■ **What you should do**
After locating the line with "아래는 개인택시 양수교육", repeat it and every following line to the end of the listing, exactly. Omit the pictures.

═════ Input for this task ═════

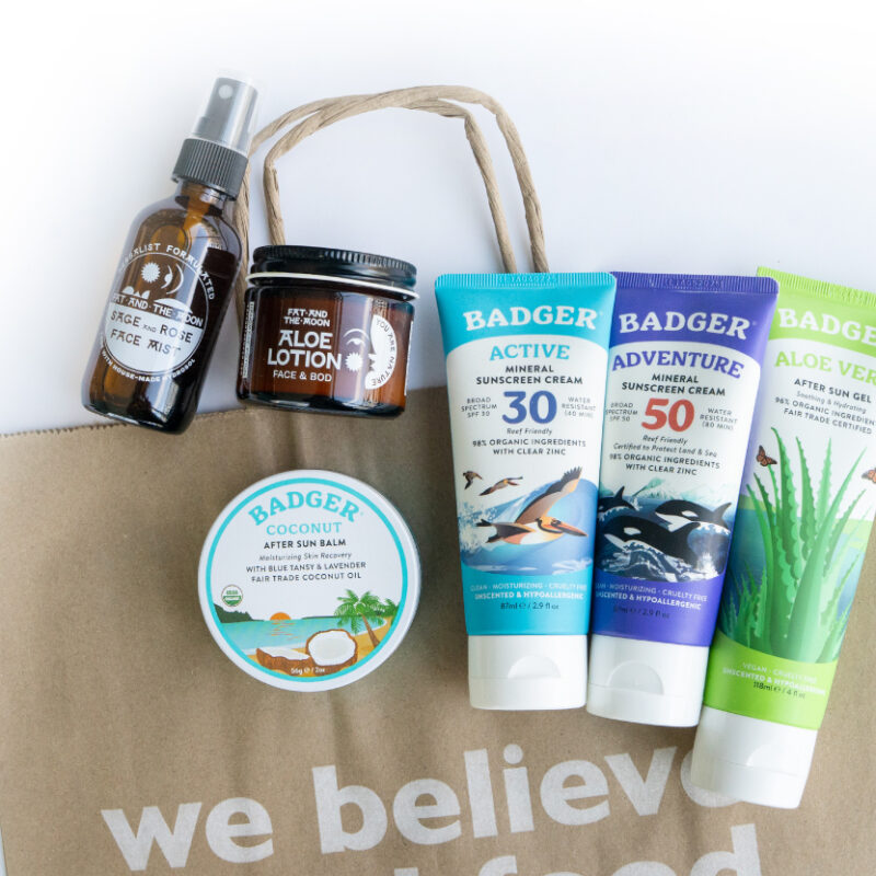 Be kind to your skin with sun essentials like sunscreen from Badger and Fat and the Moon’s aloe lotion for after a day in the park.
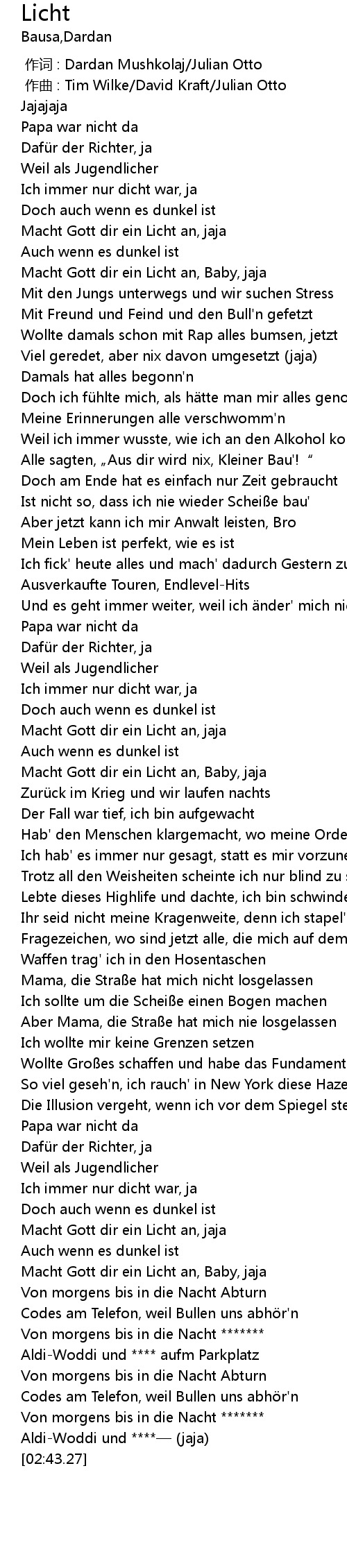 | [02:21.80] | Macht Gott dir ein Licht an, Baby, jaja |
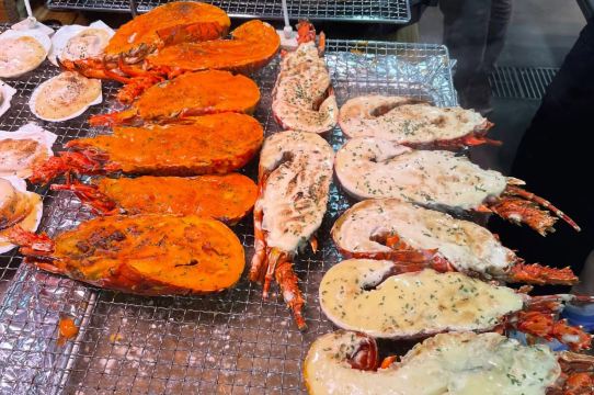 ▲ [Fischmarkt Itoman] In der Nähe des Fischereihafens Itoman gibt es täglich frische Fänge – von Sashimi über gegrillten Fisch, Garnelen bis hin zu Muscheln... die Auswahl ist besonders vielfältig!
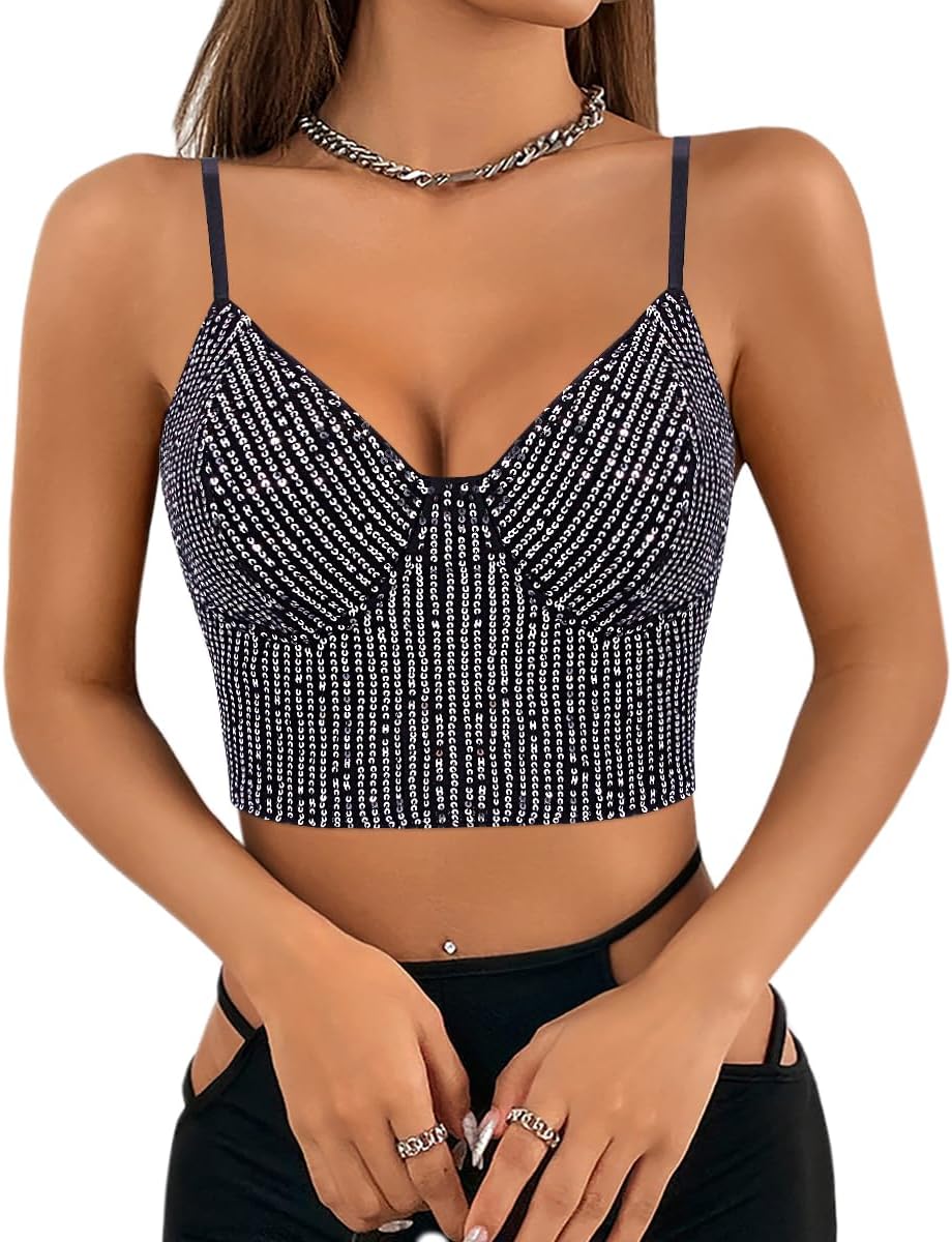 Vimoisa Women Reflective Metallic Tank Top Bustier Spaghetti Strap Crop Top Tight Sleeveless Tube Top Vest Blouse
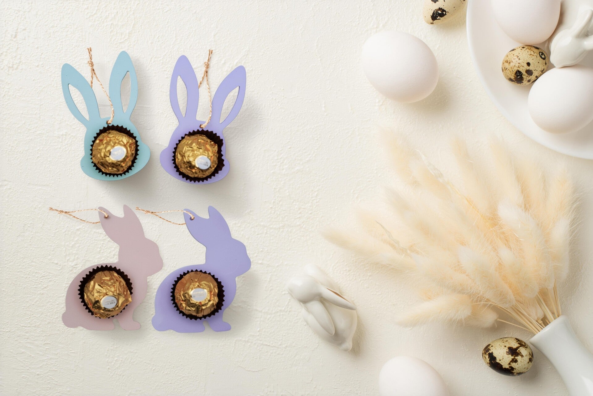 Die Anhänger eignen sich perfekt, um kleine Botschaften, Namen oder Grüße zu präsentieren – eine stilvolle und minimalistische Ergänzung zu Ihren Osterpräsenten.
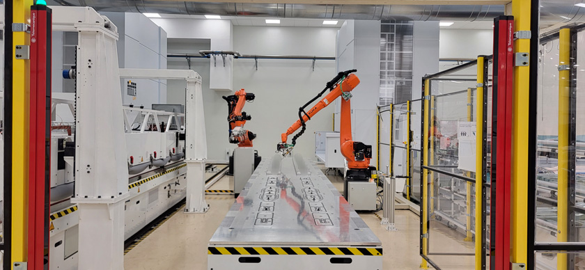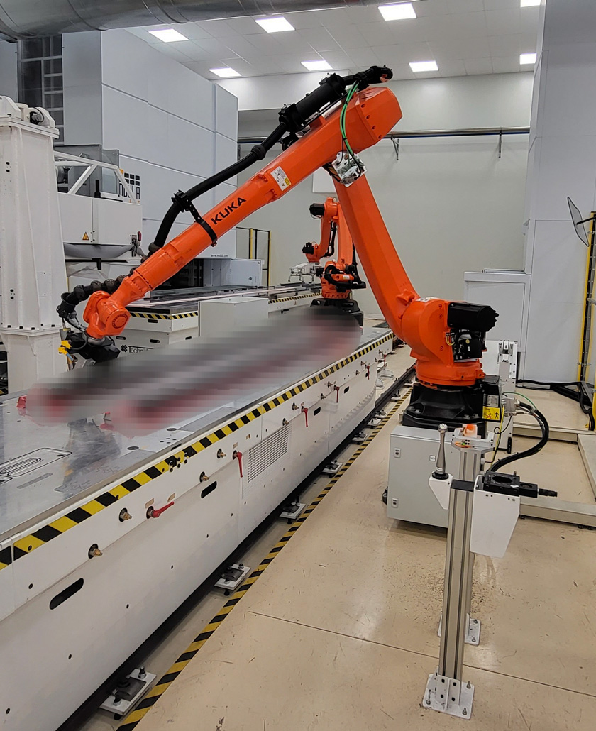 En matière d’automatisation cette fois, une douzaine de robots peuplent les différents ateliers. L’un d’entre eux – de marque Kuka – est chargé d’assurer la découpe de tissu cru. Cette opération de découpe doit donc s’effectuer à l’aide d’un couteau mécanique et dans des précisions avoisinant les 3 dixièmes. Le robot doit découper la pièce de forme gauche par rapport à une géométrie initiale et complexe dans la mesure où celle-ci doit être parfaitement positionnée dans l’étape de fabrication suivante pour qu’à la suite du process n’apparaisse aucun défaut géométrique.
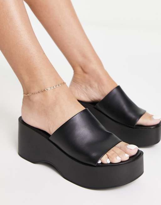 Pull&Bear – Schwarze Flatform-Sandalen
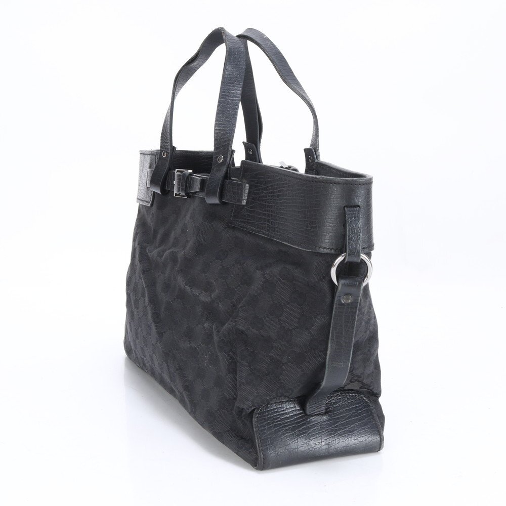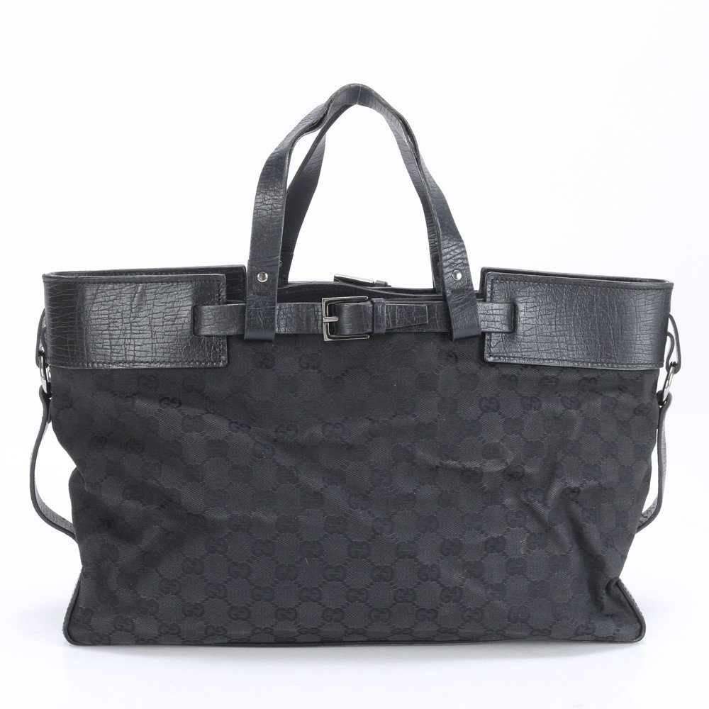 1円■グッチ■GG キャンバス レザー ベルト トート バッグ ショルダー ビジネス 通勤 書類鞄 ブラック A4 106251 レディース EUE BW3-2
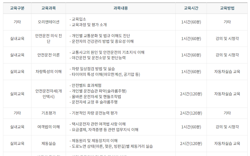 아래는 개인택시 양수교육 과목인데요, 강의라던지 시청각 자료등을 그냥 습득하는 교육만 있는것이 아니라 실제로 자동차 실습 교육도 이루어집니다.
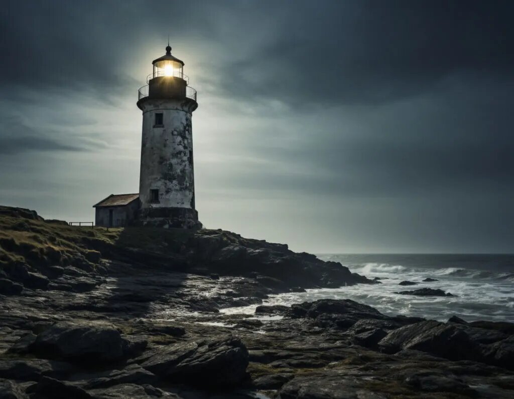 Ужасы про историю Смотрителей маяка В 1923 году на побережье Нортумбрии, у скалистого мыса Блэк‑Рок, бесследно исчезло трое смотрителей маяка. Их смена должна была закончиться через неделю, но когда спасательная лодка добралась до острова, на маяке не осталось ни людей, ни следов борьбы — только перевёрнутый стол в кают‑компании и одна‑единственная фраза, нацарапанная на стене: «Оно пришло из тумана». Эта история легла в основу моего рассказа. Всё остальное — плод воображения, но от этого не менее пугающего. Октябрь 1922 года. Томас Грейвс, опытный моряк с измождённым лицом и глазами, полными невысказанной боли, ступил на каменистый берег острова Блэк‑Рок. Он прибыл сюда, чтобы занять место старшего смотрителя маяка после внезапной смерти предыдущего работника. С ним были двое помощников: молодой и жизнерадостный Джек Миллер и молчаливый, суровый Эрик Свенсон. Маяк возвышался над скалой, словно древний страж, его чёрные стены казались выточенными из самой скалы. Воздух здесь был густым

═════

■ **Response area**
 아래는 개인택시 양수교육 과목인데요, 강의라던지 시청각 자료등을 그냥 습득하는 교육만 있는것이 아니라 실제로 자동차 실습 교육도 이루어집니다.
 Ужасы про историю Смотрителей маяка В 1923 году на побережье Нортумбрии, у скалистого мыса Блэк‑Рок, бесследно исчезло трое смотрителей маяка. Их смена должна была закончиться через неделю, но когда спасательная лодка добралась до острова, на маяке не осталось ни людей, ни следов борьбы — только перевёрнутый стол в кают‑компании и одна‑единственная фраза, нацарапанная на стене: «Оно пришло из тумана». Эта история легла в основу моего рассказа. Всё остальное — плод воображения, но от этого не менее пугающего. Октябрь 1922 года. Томас Грейвс, опытный моряк с измождённым лицом и глазами, полными невысказанной боли, ступил на каменистый берег острова Блэк‑Рок. Он прибыл сюда, чтобы занять место старшего смотрителя маяка после внезапной смерти предыдущего работника. С ним были двое помощников: молодой и жизнерадостный Джек Миллер и молчаливый, суровый Эрик Свенсон. Маяк возвышался над скалой, словно древний страж, его чёрные стены казались выточенными из самой скалы. Воздух здесь был густым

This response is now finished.